The estimated trend coefficient of Model B represents the slope of the trend in terms of percentage increase, in this case it means that souvenir sales increase by 2.1% per month on average.
The souvenir sales data set has 84 observations (monthly data points) over January 1995 to December 2001, to forecast February 2002 we wil need to forecast for observation number 86. This task is asking us to forecast beyond the validation period. Instead of recombining the training set and validation set and re-fitting the model. Like this assignments class notes, I will use the better of the two models from the training period to forecast both January and February of 2002. Which is the same as forecasting time period 85 and 86.

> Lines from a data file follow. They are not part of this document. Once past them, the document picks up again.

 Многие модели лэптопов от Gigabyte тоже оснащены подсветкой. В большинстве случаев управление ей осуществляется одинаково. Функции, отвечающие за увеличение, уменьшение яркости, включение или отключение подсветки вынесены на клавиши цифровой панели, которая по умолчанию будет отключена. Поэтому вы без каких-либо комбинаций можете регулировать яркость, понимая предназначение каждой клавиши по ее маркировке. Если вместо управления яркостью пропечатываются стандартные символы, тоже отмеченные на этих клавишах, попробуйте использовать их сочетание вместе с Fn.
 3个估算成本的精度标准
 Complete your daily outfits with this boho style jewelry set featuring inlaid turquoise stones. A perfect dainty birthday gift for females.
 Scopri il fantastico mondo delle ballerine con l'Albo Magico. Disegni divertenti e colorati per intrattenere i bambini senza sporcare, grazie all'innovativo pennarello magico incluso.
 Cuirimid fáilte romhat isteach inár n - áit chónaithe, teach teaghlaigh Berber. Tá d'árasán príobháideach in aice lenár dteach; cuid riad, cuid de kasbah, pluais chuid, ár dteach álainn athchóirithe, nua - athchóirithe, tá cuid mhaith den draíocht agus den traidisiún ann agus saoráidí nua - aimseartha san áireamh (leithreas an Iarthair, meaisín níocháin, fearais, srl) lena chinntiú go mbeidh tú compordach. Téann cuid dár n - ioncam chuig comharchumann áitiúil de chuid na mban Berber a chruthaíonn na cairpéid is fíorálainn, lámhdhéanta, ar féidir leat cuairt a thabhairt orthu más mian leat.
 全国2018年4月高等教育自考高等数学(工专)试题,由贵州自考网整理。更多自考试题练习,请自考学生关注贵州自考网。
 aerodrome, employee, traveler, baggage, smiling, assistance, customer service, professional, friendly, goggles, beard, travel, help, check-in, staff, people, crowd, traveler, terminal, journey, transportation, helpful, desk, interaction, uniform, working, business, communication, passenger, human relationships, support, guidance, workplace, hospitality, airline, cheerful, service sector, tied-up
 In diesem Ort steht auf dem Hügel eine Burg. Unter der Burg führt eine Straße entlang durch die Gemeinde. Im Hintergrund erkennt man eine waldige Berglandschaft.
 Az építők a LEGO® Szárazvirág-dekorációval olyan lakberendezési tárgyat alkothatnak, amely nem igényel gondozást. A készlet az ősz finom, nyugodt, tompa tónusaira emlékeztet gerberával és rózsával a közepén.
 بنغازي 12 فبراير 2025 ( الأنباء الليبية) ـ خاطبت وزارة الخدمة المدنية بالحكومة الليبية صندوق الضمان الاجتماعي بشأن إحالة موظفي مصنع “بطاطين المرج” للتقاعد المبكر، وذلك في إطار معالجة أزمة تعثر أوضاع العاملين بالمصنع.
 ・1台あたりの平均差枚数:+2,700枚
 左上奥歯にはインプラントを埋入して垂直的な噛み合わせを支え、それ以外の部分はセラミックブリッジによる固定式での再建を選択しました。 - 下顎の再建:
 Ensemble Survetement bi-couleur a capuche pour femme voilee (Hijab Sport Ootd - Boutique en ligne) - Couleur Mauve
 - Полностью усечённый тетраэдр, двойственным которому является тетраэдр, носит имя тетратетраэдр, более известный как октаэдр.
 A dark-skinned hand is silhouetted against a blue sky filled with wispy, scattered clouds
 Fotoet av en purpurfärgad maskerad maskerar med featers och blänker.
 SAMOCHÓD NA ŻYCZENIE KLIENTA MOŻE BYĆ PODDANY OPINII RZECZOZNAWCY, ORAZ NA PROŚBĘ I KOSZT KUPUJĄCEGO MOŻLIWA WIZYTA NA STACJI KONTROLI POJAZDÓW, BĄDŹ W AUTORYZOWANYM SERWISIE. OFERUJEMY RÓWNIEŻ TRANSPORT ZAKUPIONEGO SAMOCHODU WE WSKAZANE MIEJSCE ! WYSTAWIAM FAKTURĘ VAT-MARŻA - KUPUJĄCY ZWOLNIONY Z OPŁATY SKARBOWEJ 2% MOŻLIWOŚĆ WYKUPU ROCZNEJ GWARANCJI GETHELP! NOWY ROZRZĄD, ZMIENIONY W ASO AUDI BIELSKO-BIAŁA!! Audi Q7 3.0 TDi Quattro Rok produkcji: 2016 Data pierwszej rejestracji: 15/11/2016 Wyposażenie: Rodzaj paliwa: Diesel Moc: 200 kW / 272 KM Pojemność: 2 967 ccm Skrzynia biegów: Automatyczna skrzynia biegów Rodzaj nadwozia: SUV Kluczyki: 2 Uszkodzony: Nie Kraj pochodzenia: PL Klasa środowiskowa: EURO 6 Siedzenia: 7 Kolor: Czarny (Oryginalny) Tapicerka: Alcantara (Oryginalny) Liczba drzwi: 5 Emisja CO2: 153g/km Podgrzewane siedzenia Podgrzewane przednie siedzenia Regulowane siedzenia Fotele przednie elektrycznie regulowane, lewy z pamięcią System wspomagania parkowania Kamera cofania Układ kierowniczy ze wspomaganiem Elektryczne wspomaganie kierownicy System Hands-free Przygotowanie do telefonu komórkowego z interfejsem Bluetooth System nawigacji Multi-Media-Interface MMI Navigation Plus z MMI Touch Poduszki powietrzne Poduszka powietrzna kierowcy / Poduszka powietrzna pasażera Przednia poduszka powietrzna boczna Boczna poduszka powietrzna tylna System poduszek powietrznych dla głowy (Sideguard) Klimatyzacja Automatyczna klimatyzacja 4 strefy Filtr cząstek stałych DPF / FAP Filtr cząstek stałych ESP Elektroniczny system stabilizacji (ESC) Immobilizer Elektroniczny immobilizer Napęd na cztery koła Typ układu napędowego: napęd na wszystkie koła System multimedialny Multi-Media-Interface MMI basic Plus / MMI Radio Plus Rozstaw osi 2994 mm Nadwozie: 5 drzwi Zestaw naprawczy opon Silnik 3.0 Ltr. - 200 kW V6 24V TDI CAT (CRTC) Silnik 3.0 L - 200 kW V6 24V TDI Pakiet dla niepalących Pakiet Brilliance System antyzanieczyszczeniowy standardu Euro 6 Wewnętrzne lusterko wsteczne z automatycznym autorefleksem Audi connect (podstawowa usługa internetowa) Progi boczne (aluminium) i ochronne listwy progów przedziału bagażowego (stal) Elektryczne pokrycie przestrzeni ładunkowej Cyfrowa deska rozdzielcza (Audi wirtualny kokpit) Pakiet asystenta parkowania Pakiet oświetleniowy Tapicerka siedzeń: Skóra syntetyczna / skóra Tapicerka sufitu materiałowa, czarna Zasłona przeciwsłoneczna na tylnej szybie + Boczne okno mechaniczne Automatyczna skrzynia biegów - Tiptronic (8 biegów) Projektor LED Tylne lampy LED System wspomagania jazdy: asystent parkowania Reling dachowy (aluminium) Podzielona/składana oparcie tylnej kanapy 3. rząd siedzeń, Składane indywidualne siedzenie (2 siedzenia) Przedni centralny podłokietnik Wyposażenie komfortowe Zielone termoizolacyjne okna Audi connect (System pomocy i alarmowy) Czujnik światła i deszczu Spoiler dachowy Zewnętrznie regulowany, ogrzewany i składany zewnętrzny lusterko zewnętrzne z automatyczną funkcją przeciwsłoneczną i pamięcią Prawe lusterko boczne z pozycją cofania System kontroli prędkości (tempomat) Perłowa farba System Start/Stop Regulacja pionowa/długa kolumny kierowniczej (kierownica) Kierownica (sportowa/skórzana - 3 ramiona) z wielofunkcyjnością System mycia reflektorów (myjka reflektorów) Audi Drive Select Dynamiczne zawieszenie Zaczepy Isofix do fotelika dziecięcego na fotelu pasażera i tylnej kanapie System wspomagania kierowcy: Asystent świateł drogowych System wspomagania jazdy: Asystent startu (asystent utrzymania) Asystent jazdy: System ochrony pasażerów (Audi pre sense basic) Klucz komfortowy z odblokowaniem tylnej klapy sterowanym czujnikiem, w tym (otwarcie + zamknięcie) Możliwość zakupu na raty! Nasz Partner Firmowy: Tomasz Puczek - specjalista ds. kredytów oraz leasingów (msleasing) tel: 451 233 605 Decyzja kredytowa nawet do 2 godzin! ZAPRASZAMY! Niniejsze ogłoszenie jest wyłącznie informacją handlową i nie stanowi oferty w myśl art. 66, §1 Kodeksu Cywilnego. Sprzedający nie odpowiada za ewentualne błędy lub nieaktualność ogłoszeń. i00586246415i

Jan_Forecast <- Model_B$coefficients["(Intercept)"] + Model_B$coefficients["trend"]*85
Feb_Forecast <- Model_B$coefficients["(Intercept)"] + Model_B$coefficients["trend"]*86 + Model_B$coefficients["season2"]
exp(Jan_Forecast)
## (Intercept)
## 12601.02
exp(Feb_Forecast)
## (Intercept)
## 17062.99
The forecasts for January and February 2002 sales are $12,601.02 and $17,062.99, respectively.
Model_A_Forecast <- forecast(Model_A, h=validLen_SS)
accuracy(Model_A_Forecast$mean, Souv_Valid)
## ME RMSE MAE MPE MAPE ACF1 Theil's U
## Test set 8251.513 17451.55 10055.28 10.53397 26.66568 0.3206228 0.9075924
The MAPE for Model A is 26.66.
Model_B_Forecast <- forecast(Model_B, h=validLen_SS)
accuracy((exp(Model_B_Forecast$mean)), Souv_Valid)
## ME RMSE MAE MPE MAPE ACF1 Theil's U
## Test set 4824.494 7101.444 5191.669 12.35943 15.5191 0.4245018 0.4610253
The MAPEfor Model B is 15.52.
plot(c(1995,2002), c(0,120000), type="n", xlab="Year", ylab="Souvenir Sales", bty="l", xaxt="n", yaxt="n")
lines(Souv_ts, bty="l", lwd = 2)
axis(1, at=seq(1995,2002,2), labels=format(seq(1995,2002,2)))
axis(2, at=seq(0,120000, 20000), labels=format(seq(0,120000,20000)), las=2)
abline(v=2001)
arrows(1995, 120000, 2001, 120000, code=3, length=0.1)
text(1998, 115000, "Training")
abline(v=2002)
arrows(2001, 120000, 2002, 120000, code=3, length=0.1)
text(2001.5, 115000, "Validation")
lines(Model_A_Forecast$fitted, col="blue")
lines(Model_A_Forecast$mean, col="blue")
lines(exp(Model_B_Forecast$fitted),col="red")
lines(exp(Model_B_Forecast$mean), col = "red")
legend(1995,110000, c("Souvenir Sales", "Model A", "Model B"), col=c("black", "blue", "red"), bty="n", lwd=c(1,2,2))
A few reasons why Model B is preferable for forecasting include;
The accuracy for predicting the validation set of Model B according to the MAPE value is preferable because it is lower at 15.52% compared to Model A’s MAPE of 26.66%.
Figure 7 shows us that visually Model B has better predictive power than Model A. Simiarly, when we were first deciding on how many predictors should go into the model, the visual wasn’t clear on if a linear trend or an exponential trend was present, after analysis we can see that the Model B (where exponential trend exists) is the better suited model.
If the goal was to understanding the different components of sales in the souvenir shop between 1995 and 2001, then forecasting would not be necessary. Therefore, all the data would be better used on a combined basis (not breaking into validation and training sets). I would be able to look at the data on a monthly basis with combined information to see how sales changed over months and years. If more data was available for different variables, like day of the week or different categories within the store, like product type (i.e. sunglasses vs. keychains), I would be interested in looking at the sales levels between those categories.